_What to produce_
Span requested from the data below: the line with "Jedná zástupce Iráku" through the line with "Также в настройках", both included. Give only these lines again, exactly, and leave every picture out.
----- Dataset records -----
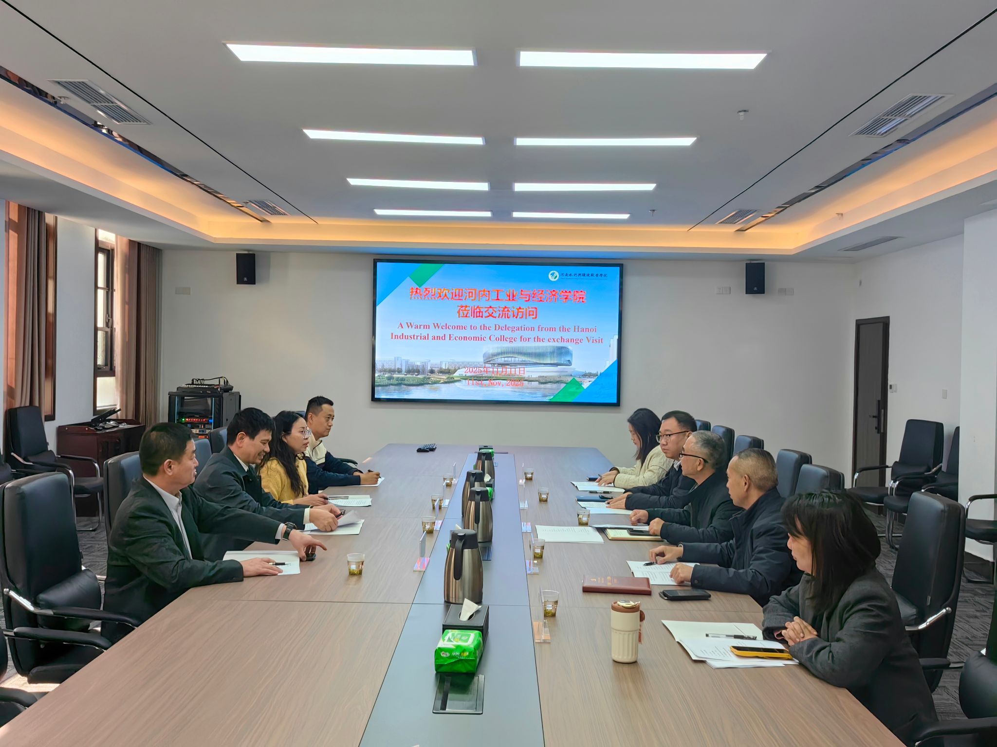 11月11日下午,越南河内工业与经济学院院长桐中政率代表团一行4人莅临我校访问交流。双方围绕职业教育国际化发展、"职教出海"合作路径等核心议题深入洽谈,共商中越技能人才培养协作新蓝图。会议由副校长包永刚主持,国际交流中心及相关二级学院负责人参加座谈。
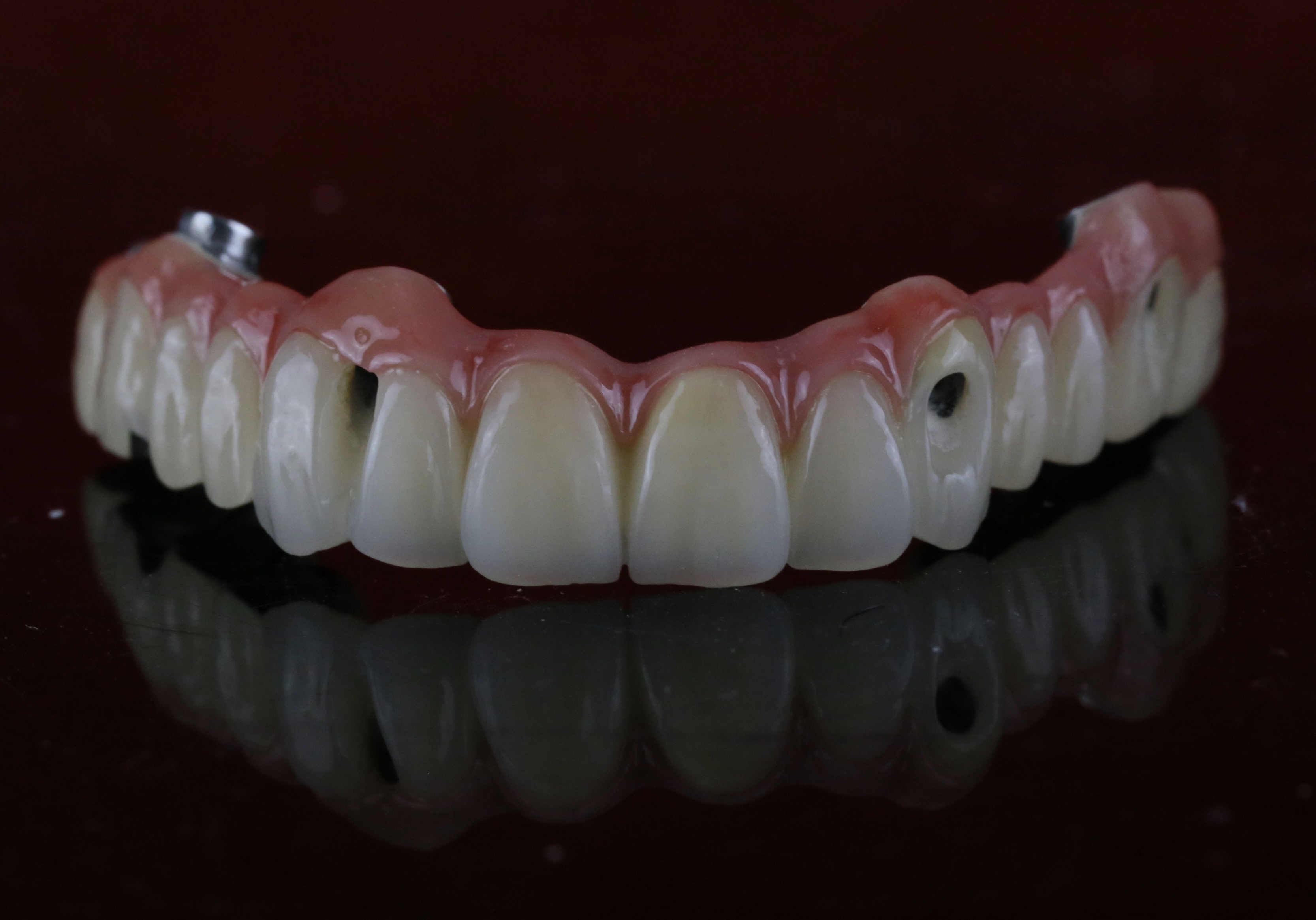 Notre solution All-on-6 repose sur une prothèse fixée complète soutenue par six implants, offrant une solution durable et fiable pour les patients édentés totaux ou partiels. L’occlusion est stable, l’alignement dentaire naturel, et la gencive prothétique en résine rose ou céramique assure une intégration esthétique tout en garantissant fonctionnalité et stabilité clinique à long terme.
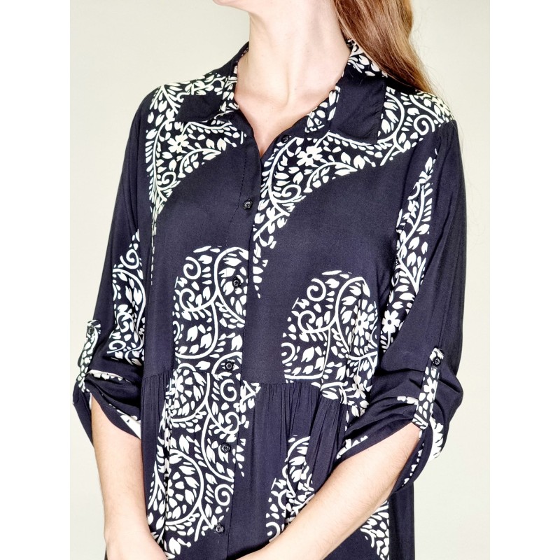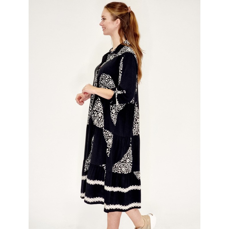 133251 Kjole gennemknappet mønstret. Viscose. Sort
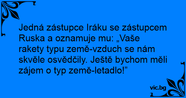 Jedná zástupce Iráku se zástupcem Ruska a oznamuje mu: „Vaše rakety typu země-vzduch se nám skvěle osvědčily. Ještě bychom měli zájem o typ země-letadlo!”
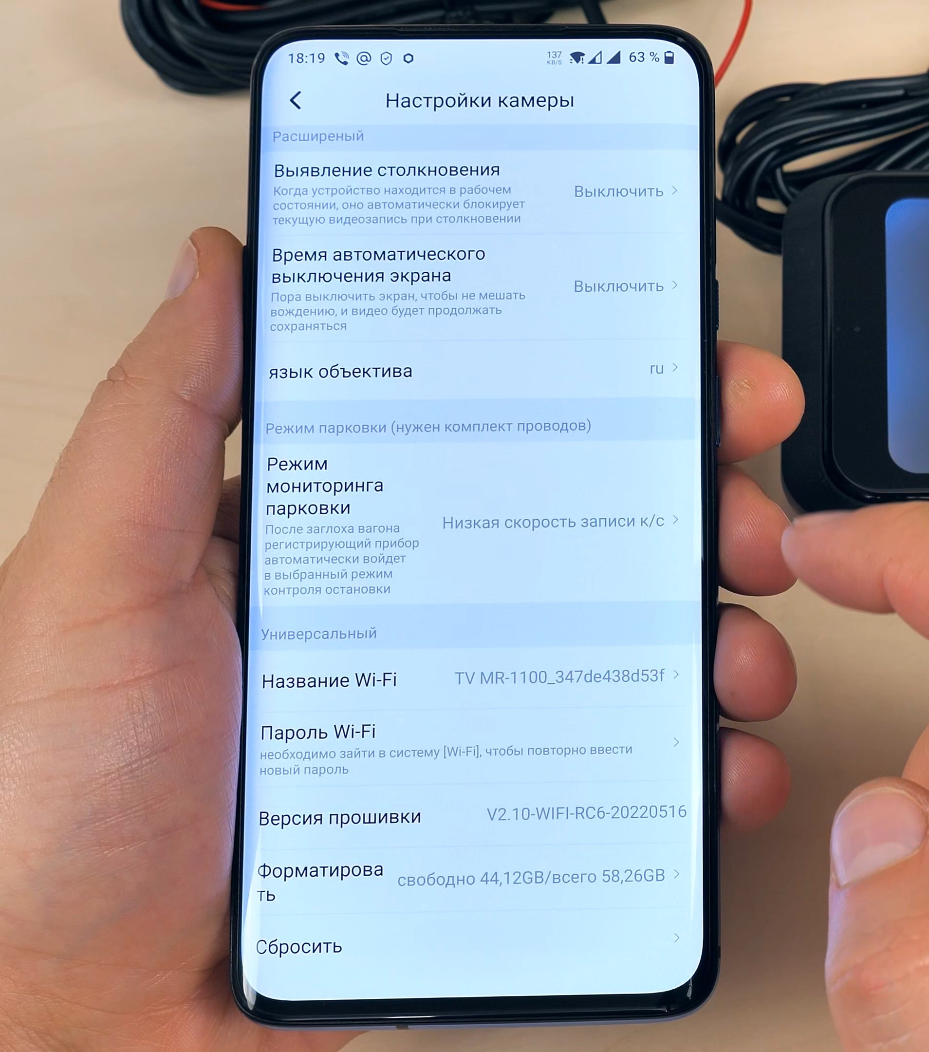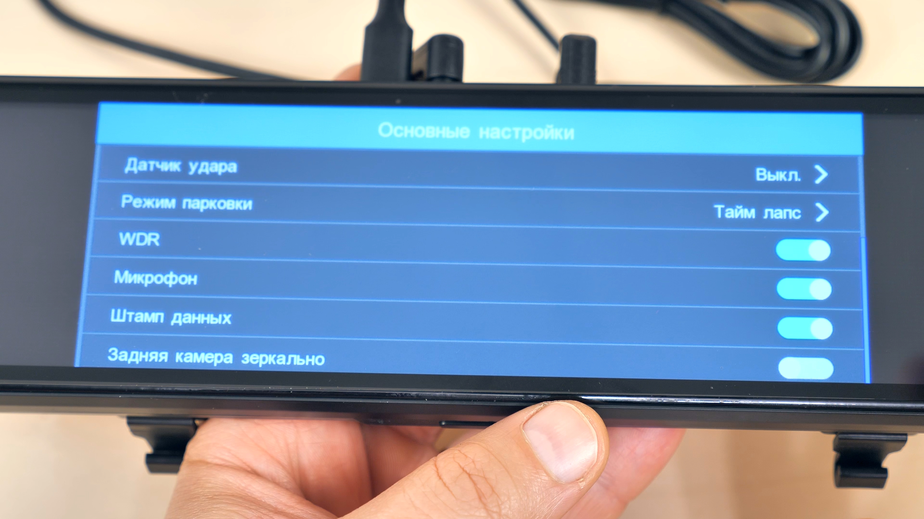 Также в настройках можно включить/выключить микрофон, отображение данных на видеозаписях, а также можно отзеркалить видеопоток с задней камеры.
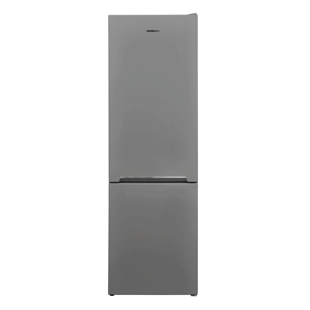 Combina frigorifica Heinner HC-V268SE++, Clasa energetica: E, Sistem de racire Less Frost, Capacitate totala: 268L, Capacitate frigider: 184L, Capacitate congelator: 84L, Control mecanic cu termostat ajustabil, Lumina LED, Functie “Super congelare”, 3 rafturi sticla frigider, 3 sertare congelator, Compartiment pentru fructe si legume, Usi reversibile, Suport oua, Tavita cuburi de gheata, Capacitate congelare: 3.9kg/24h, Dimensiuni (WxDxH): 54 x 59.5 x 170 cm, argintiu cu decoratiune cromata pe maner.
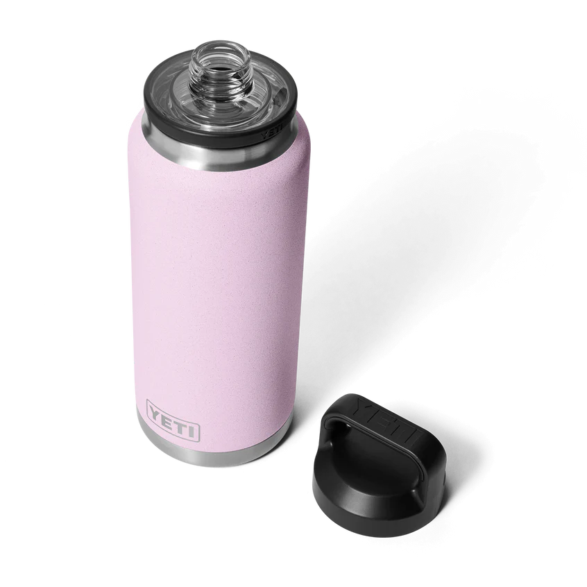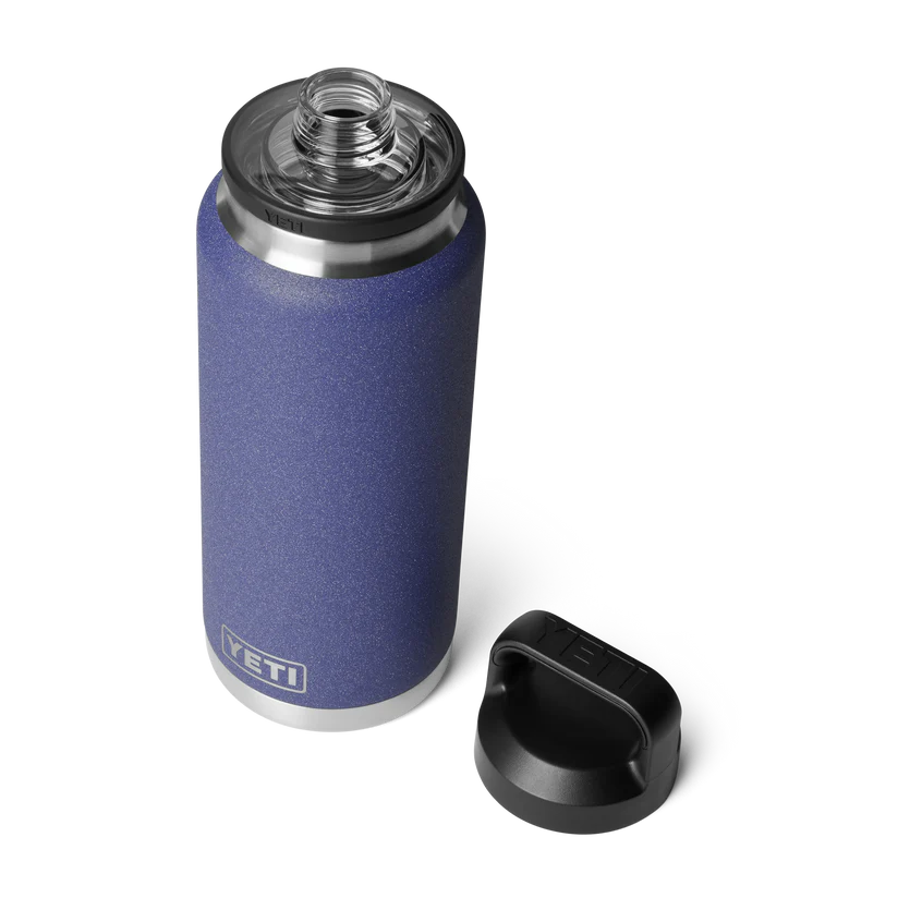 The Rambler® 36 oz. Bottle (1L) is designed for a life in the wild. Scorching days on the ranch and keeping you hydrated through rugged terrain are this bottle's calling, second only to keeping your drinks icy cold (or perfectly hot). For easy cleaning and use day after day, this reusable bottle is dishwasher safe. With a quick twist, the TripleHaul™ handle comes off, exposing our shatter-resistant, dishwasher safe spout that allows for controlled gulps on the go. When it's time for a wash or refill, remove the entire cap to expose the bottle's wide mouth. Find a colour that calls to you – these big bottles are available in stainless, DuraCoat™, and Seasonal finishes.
-----
_Completed task_
 Jedná zástupce Iráku se zástupcem Ruska a oznamuje mu: „Vaše rakety typu země-vzduch se nám skvěle osvědčily. Ještě bychom měli zájem o typ země-letadlo!”
 Также в настройках можно включить/выключить микрофон, отображение данных на видеозаписях, а также можно отзеркалить видеопоток с задней камеры.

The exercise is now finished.